Mmap memory error when use multiple CPU on Azure

Hi all,

I am using multiple CPUS to train my model on azure with MongoDB. It seems I need to open a connection to data in each of the threads. Then I got this error.

Traceback (most recent call last):
  File "", line 225, in <module>
  File "/home/textiq/anaconda/lib/python3.6/site-packages/torch/nn/modules/", line 468, in share_memory
    return self._apply(lambda t: t.share_memory_())
  File "/home/textiq/anaconda/lib/python3.6/site-packages/torch/nn/modules/", line 118, in _apply
  File "/home/textiq/anaconda/lib/python3.6/site-packages/torch/nn/modules/", line 124, in _apply = fn(
  File "/home/textiq/anaconda/lib/python3.6/site-packages/torch/nn/modules/", line 468, in <lambda>
    return self._apply(lambda t: t.share_memory_())
  File "/home/textiq/anaconda/lib/python3.6/site-packages/torch/", line 86, in share_memory_
  File "/home/textiq/anaconda/lib/python3.6/site-packages/torch/", line 101, in share_memory_
RuntimeError: $ Torch: unable to mmap memory: you tried to mmap 0GB. at /py/conda-bld/pytorch_1493681908901/work/torch/lib/TH/THAllocator.c:317`

Could some one tell me what to do to solve this problem?

Thanks in advance.

1 Like

I am using Ubuntu 16.04, pytorch, linux 4.4.0-81-generic, python 3.6

this is weird.

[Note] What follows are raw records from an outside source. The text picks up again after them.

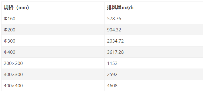 计算公式:G=πR²×V×3600×μ其中,G:排风量,R:罩口半径,V:罩口风速,μ:安全系数(1.1~1.2)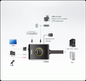ממתג KVM לשני מחשבים - USB / DVI / AUDIO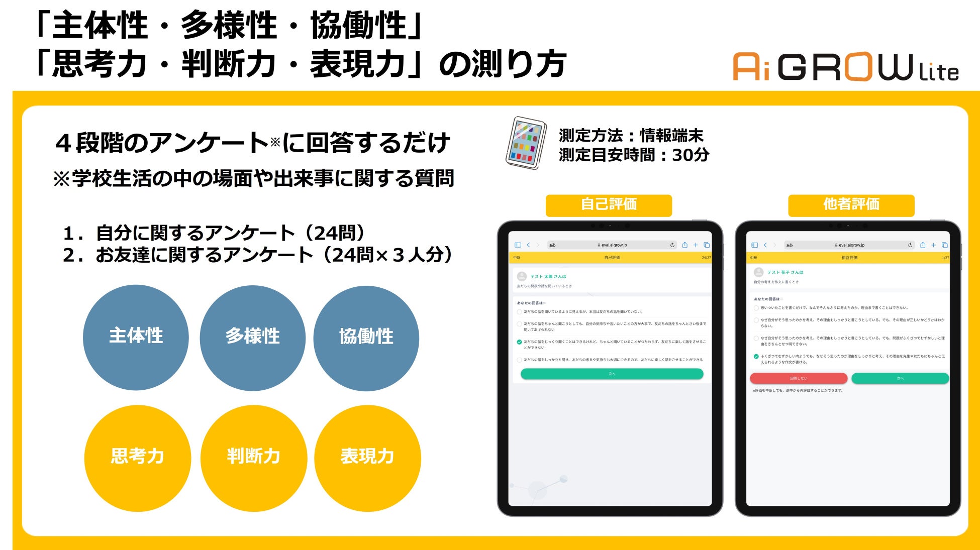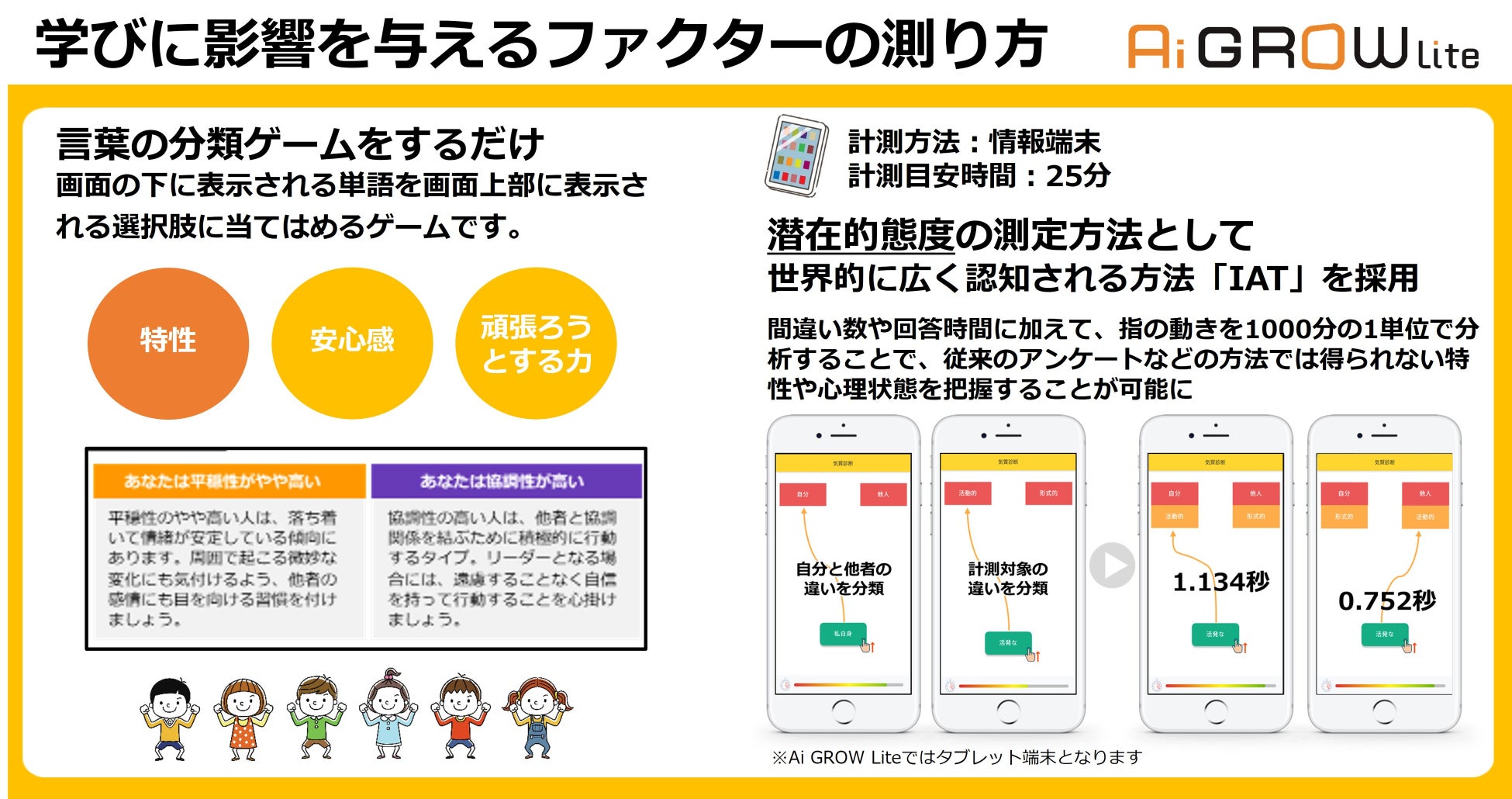 「Ai GROW Lite」では、非認知能力や学習に影響を与える特性、心理状態を可視化するため、1億3千万件以上(※1)の評価件数を誇るIGSの評価技術を活用し、①「主体性・多様性・協働性」・「思考力・判断力・表現力」の6つの能力、②「特性(気質)」・「心理的安全性」・「グロースマインドセット(※2)」が測定可能です。

I wonder if Azure is somehow limiting the shared memory available to your process. Are you running docker inside azure?
Also, what’s the output of:

ipcs -lm

Thanks for your reply. I just figured out what happened. I didn’t use docker inside azure. The problem is I mistakenly initialized a nn.embedding in the model with size of 0. (for example nn.Embedding(0,300)). Then, I will generate this error when model.share_memory(). Now, I fixed it.

1 Like

thanks for figuring this out. we’ll improve the error message in this situation, you can track it

Really appreciate your prompt reply!